[Information supplied]

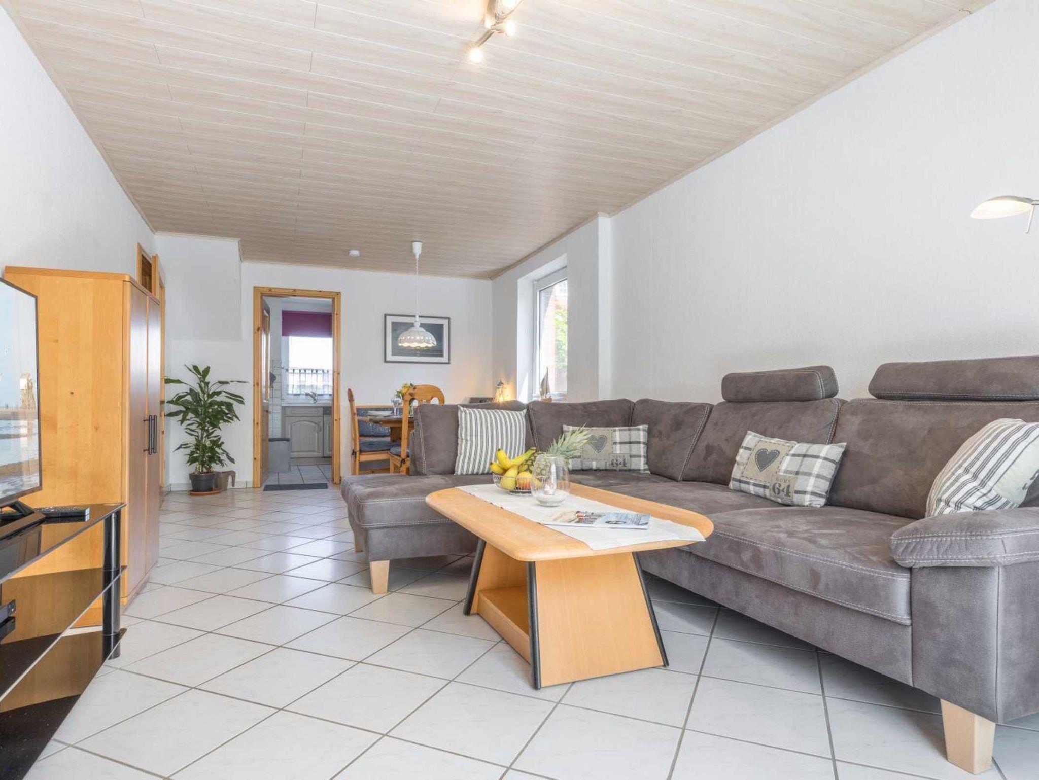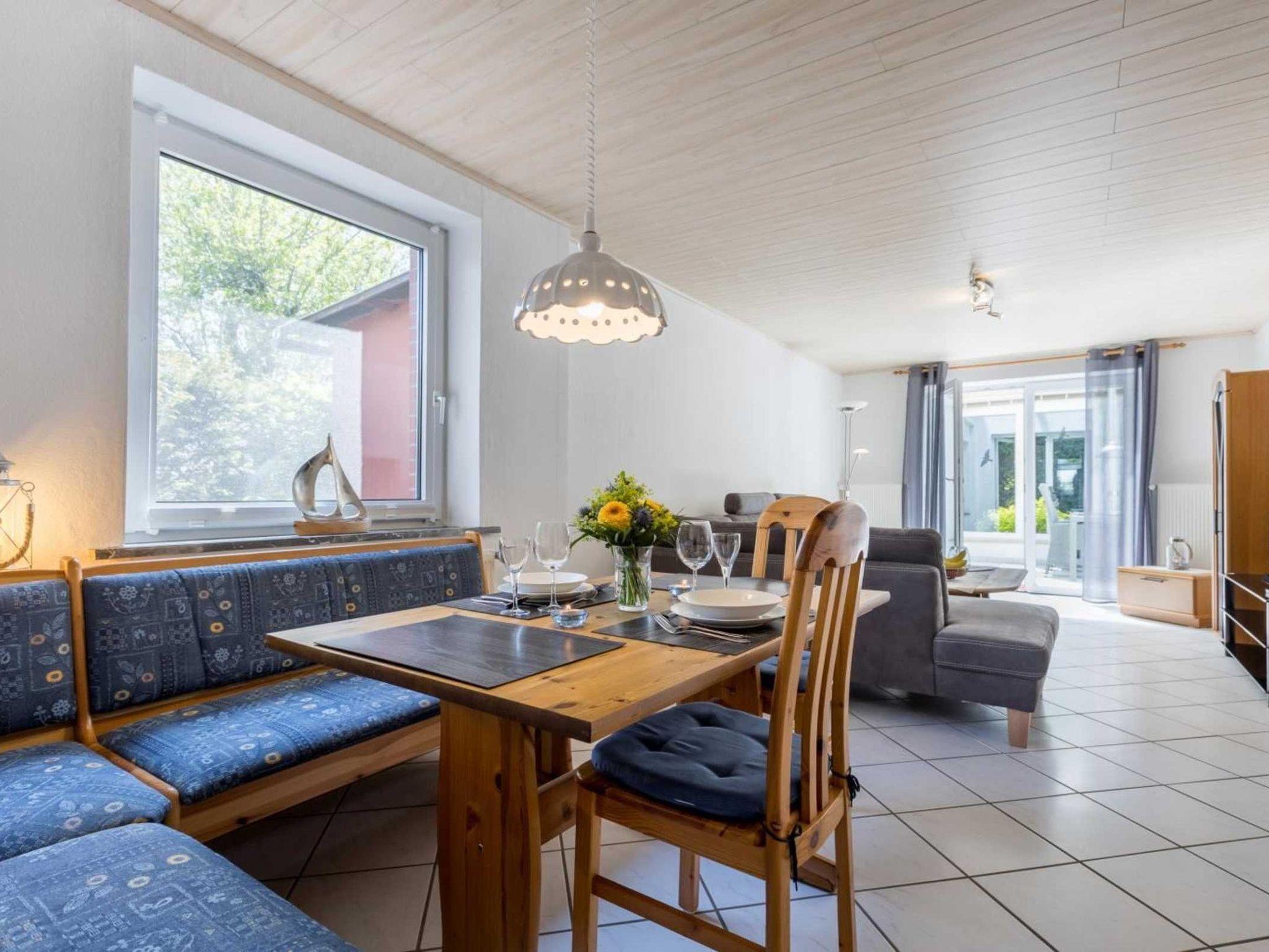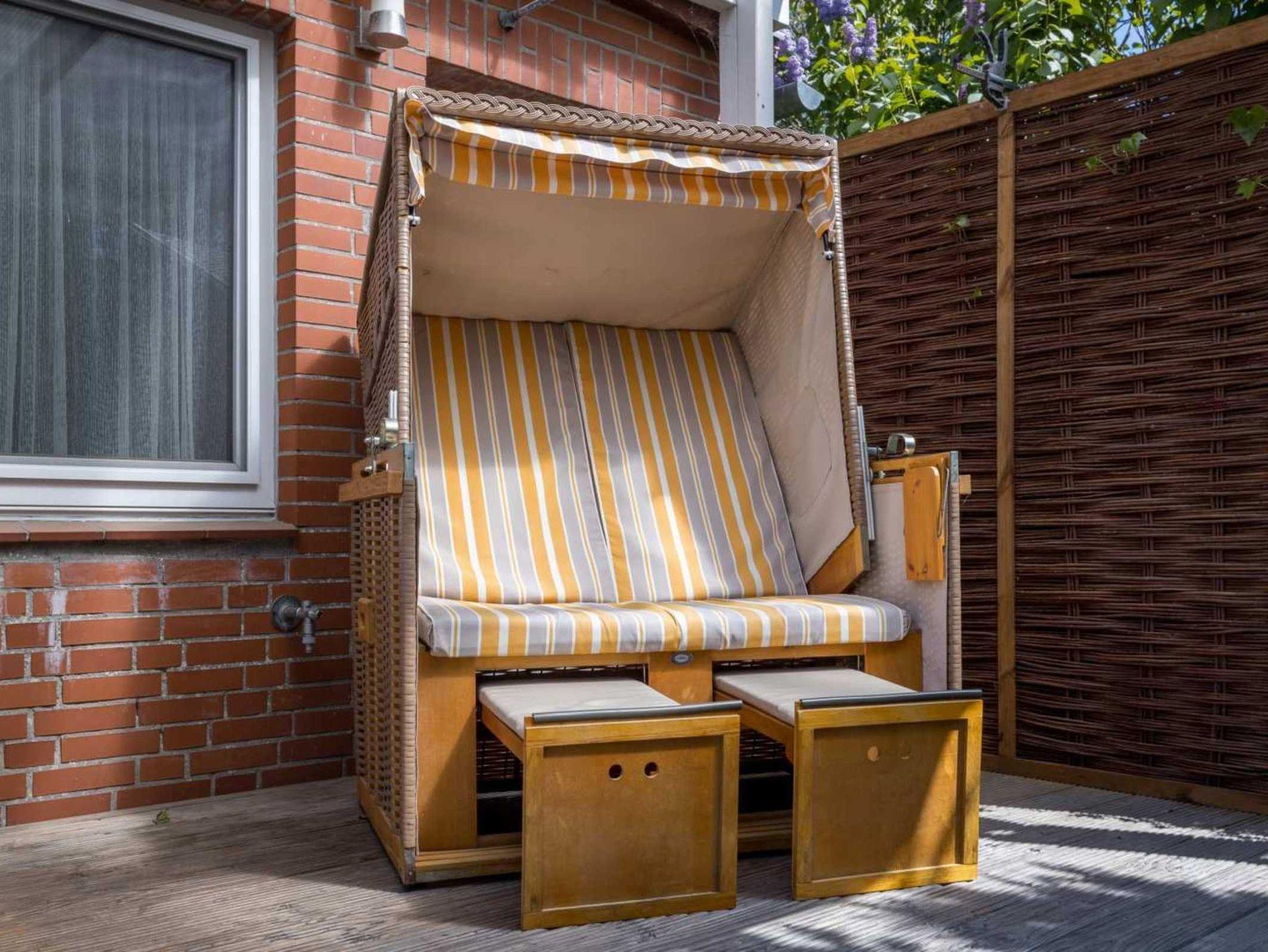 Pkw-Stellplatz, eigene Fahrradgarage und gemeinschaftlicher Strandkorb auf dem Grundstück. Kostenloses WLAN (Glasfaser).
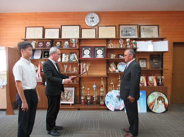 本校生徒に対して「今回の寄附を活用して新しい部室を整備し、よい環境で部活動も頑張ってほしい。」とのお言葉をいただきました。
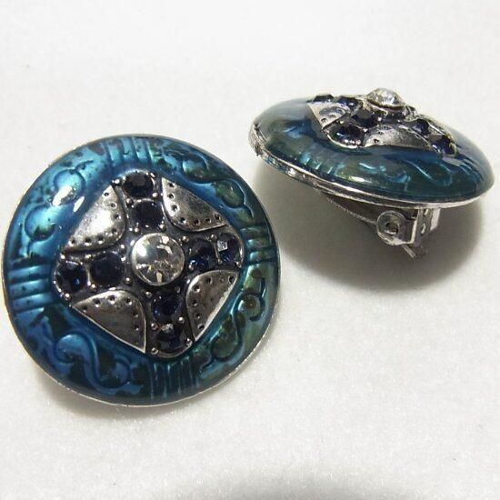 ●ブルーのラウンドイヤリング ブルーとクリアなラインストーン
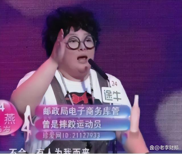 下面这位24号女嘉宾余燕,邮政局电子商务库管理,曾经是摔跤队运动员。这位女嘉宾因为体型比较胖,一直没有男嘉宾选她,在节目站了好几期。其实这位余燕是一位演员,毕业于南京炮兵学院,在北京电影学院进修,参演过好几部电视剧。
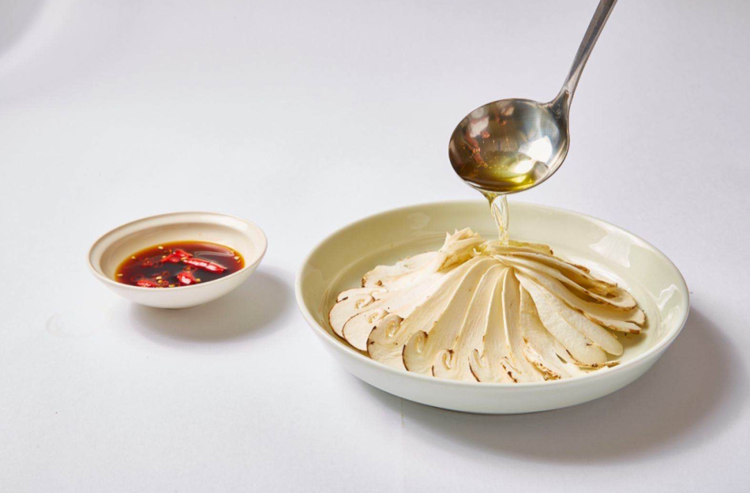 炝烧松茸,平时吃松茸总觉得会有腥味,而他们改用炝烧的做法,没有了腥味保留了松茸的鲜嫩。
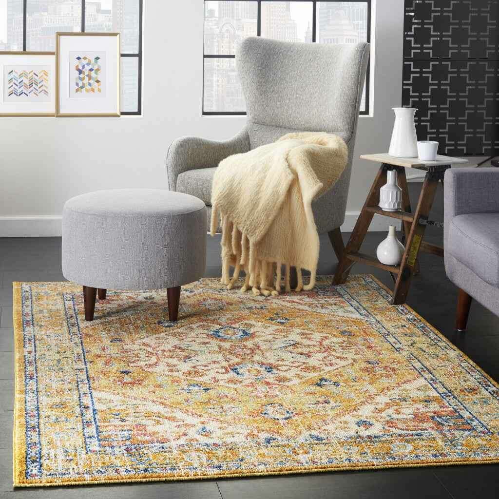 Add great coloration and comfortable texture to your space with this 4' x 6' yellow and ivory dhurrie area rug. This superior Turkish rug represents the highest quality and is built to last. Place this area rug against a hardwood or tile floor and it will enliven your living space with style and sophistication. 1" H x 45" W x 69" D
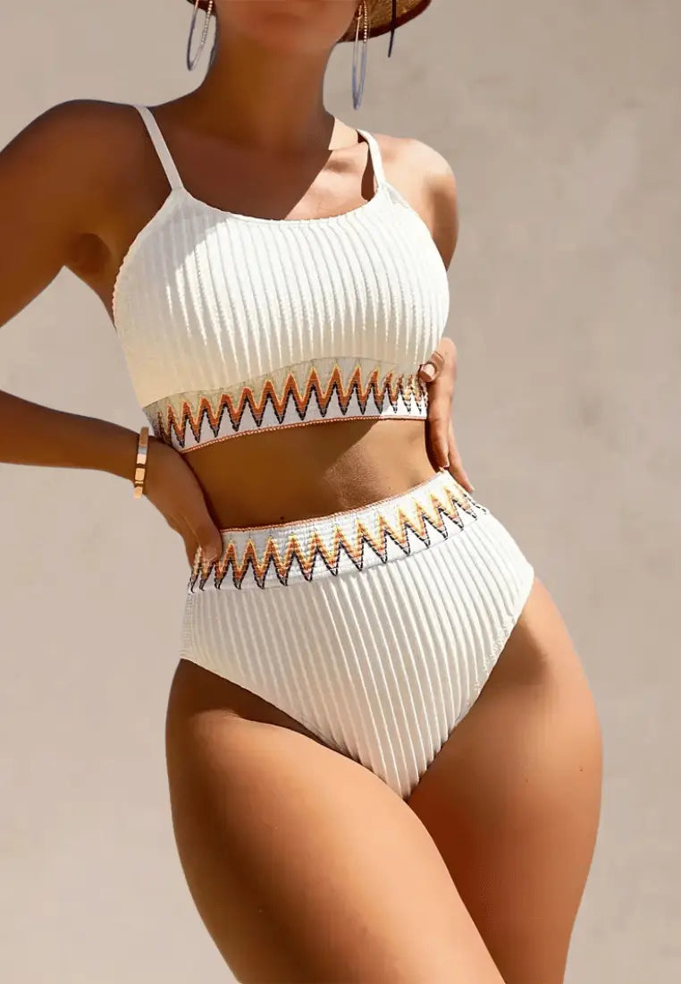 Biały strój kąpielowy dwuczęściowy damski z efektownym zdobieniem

[Task objective]
Starting with the first line of the material, print each line exactly until you have printed the line with "炝烧松茸,平时吃松茸总觉得会", and skip the pictures.

[Completed task]
 Pkw-Stellplatz, eigene Fahrradgarage und gemeinschaftlicher Strandkorb auf dem Grundstück. Kostenloses WLAN (Glasfaser).
 本校生徒に対して「今回の寄附を活用して新しい部室を整備し、よい環境で部活動も頑張ってほしい。」とのお言葉をいただきました。
 ●ブルーのラウンドイヤリング ブルーとクリアなラインストーン
 下面这位24号女嘉宾余燕,邮政局电子商务库管理,曾经是摔跤队运动员。这位女嘉宾因为体型比较胖,一直没有男嘉宾选她,在节目站了好几期。其实这位余燕是一位演员,毕业于南京炮兵学院,在北京电影学院进修,参演过好几部电视剧。
 炝烧松茸,平时吃松茸总觉得会有腥味,而他们改用炝烧的做法,没有了腥味保留了松茸的鲜嫩。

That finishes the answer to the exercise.